I did something similar for professors in China almost 2 years ago, except
that session was a 5 day internals session. The India professors looked at
materials prepared by the Chinese professors, and decided that the depth of
coverage in the materials was too deep to use as a starting point for a course
on operating systems. Having looked at the Chinese professor's materials, I
am inclined to agree with the Indian professors. The Chinese material is
an excellent guide through the source code and through McDougall and Mauro's
Solaris Internals book. As a study guide for people trying to learn about
the way OpenSolaris works, it is quite good and complete. As a tool for
teaching, especially classes without prior operating system experience, I feel
it misses the mark. While a professor that has good operating system knowledge
can use the Chinese material to learn OpenSolaris internals for him or her
self, I think the materials may assume too much prior knowledge of the
students. The new material tries to give professors a starting point that can
be used to teach OpenSolaris, not just to learn it.

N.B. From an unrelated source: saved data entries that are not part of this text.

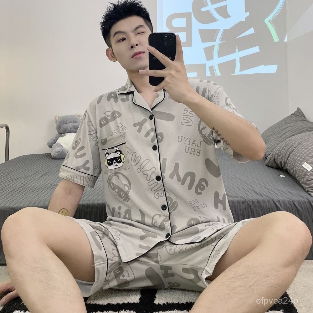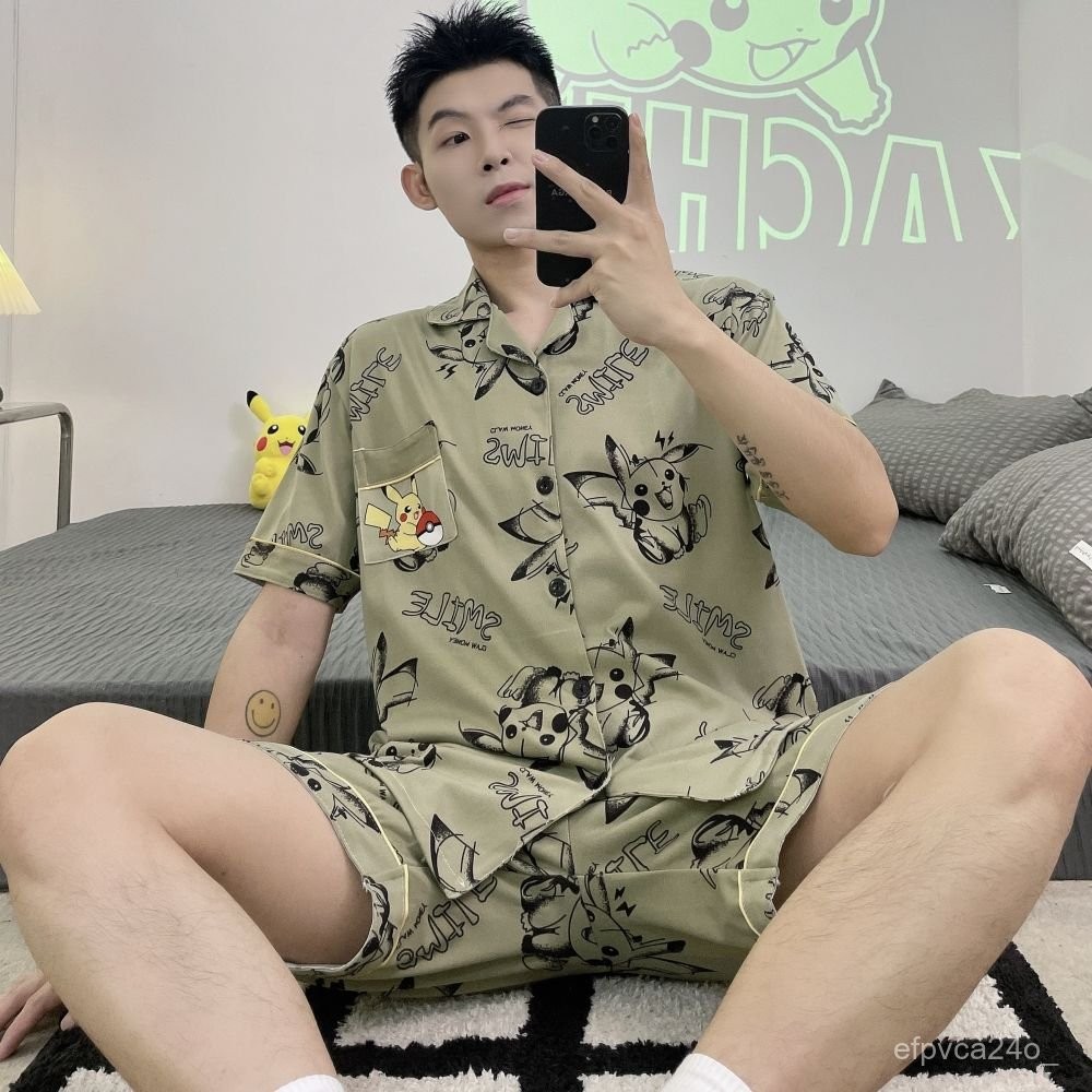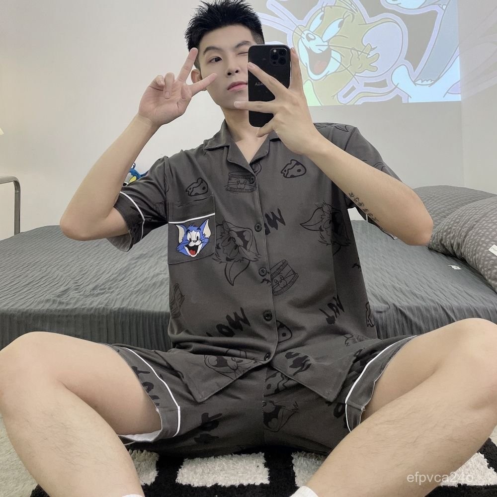 Set Piyama Pria Pola Kartun Terbaru/Atasan Cardigan Celana Pendek Pakaian Santai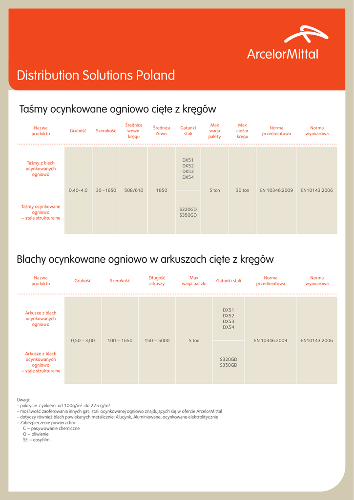 Distribution Solutions Poland Taśmy ocynkowane ogniowo cięte z kręgów Nazwa produktu Grubość Szerokość Średnica wewn. kręgu Średnica Zewn. Gatunki stali Max waga palety Max ciężar kregu Norma przedmiotowa Norma wymiarowa 5 ton 30 ton EN 10346:2009 EN10143:2006 DX51 DX52 DX53 DX54 Taśmy z blach ocynkowanych ogniowo 0,40-4,0 30 -1650 508/610 1850 Taśmy ocynkowane ogniowo – stale strukturalne S320GD S350GD Blachy ocynkowane ogniowo w arkuszach cięte z kręgów Nazwa produktu Grubość Szerokość Długość arkuszy Max waga paczki Gatunki stali Norma wymiarowa EN 10346:2009 EN10143:2006 DX51 DX52 DX53 DX54 Arkusze z blach ocynkowanych ogniowo 0,50 - 3,00 Arkusze z blach ocynkowanych ogniowo – stale strukturalne Norma przedmiotowa 100 – 1650 150 – 5000 5 ton S320GD S350GD Uwagi: - pokrycie cynkiem od 100g/m2 do 275 g/m2 - możliwość zaoferowania innych gat. stali ocynkowanej ogniowo znajdujących się w ofercie ArcelorMittal - dotyczy również blach powlekanych metalicznie: Alucynk, Aluminiowane, ocynkowane elektrolitycznie - Zabezpieczenie powierzchni C – pasywowanie chemiczne O – oliwienie SE – easyfilm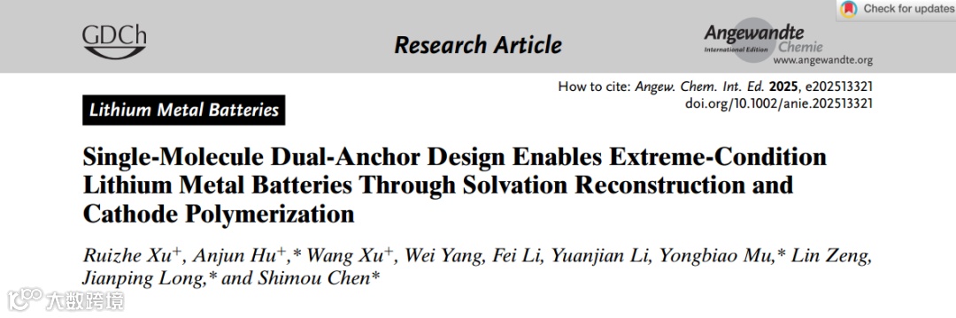 Single-Molecule Dual-Anchor Design Enables Extreme-Condition Lithium Metal Batteries Through Solvation Reconstruction and Cathode Polymerization, Angewandte Chemie International Edition (2025).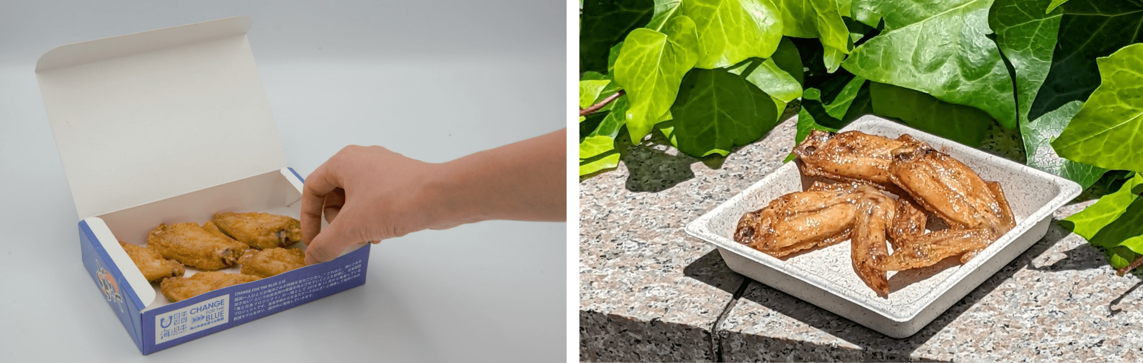 株式会社折兼さんでは環境に配慮したガバス容器の社会実験にも挑戦しました。バガス容器とは、従来廃棄物として処理されていたサトウキビの絞りカスを、容器として有効利用するために開発されたものです。木材パルプの代わりとして使用することで森林伐採量を減らせるので、森林保護やCO2削減にも役立っています。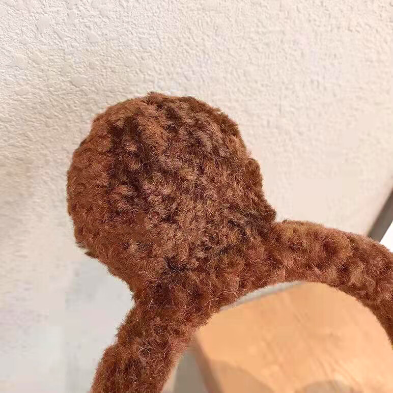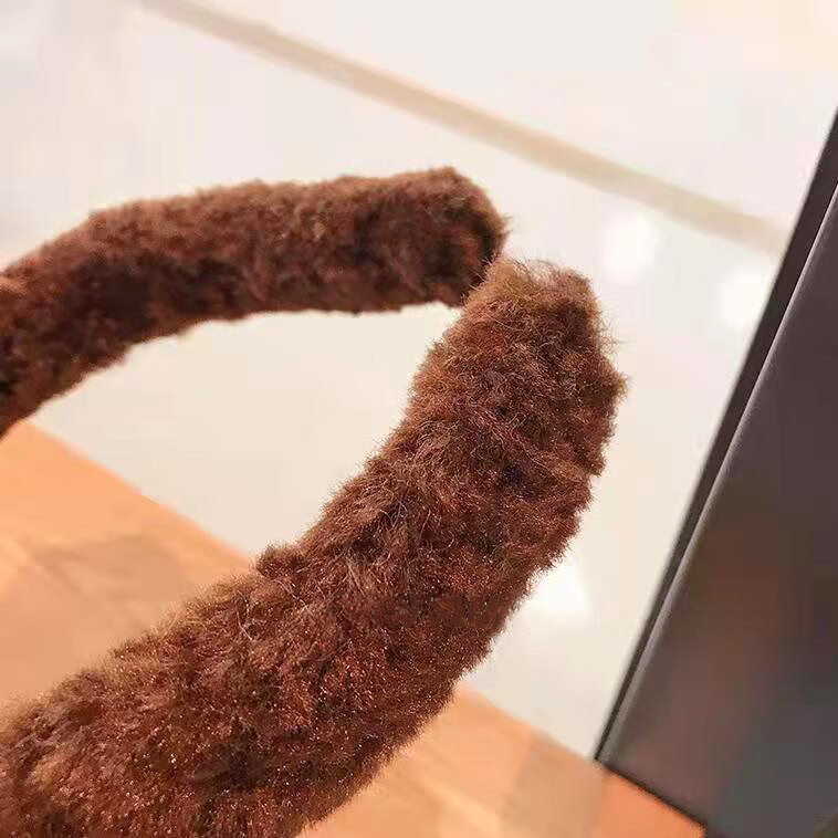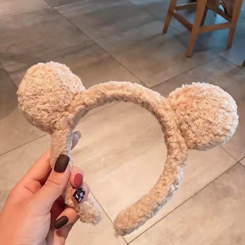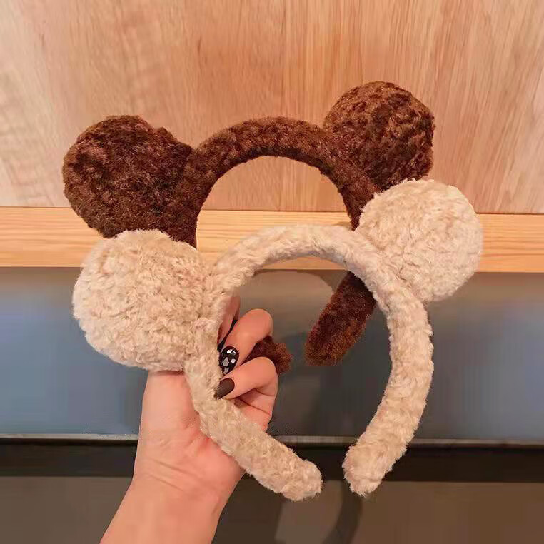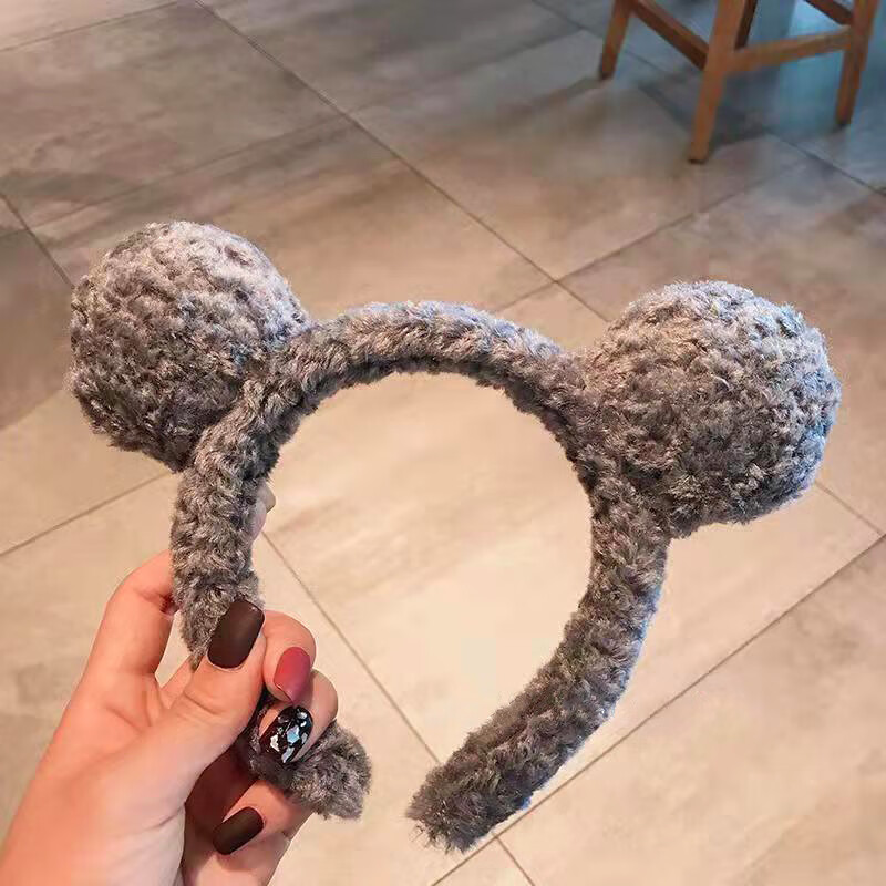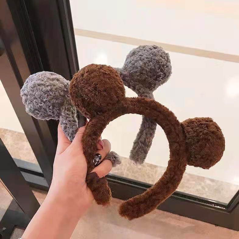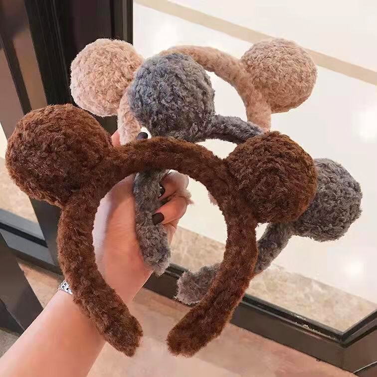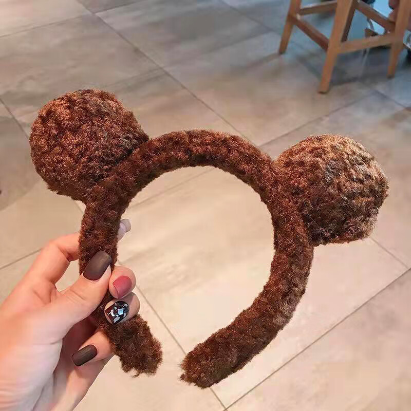 MiU Se sweet and cute plush bear ear headband super cute fur ball girl headband internet celebrity face wash headband coffee color B02-302

For those of you who already have an Operating Systems background, (though not
in OpenSolaris), I think you'll find this new material quite useful. The
new material is not elementary (there is plenty of useful information, even
for people who have extensive OS and even extensive Solaris kernel experience).
It makes assumptions that, for instance, you understand why one needs locks,
or why virtual memory is useful, among others. The material explains the
implementation of various concepts/mechanisms using a combination of tools,
mostly mdb and dtrace, and various diagrams. In a 1 day session, there are
many topics not covered, and some are covered very superficially, but most
of the major OS topics are covered in a good amount of detail.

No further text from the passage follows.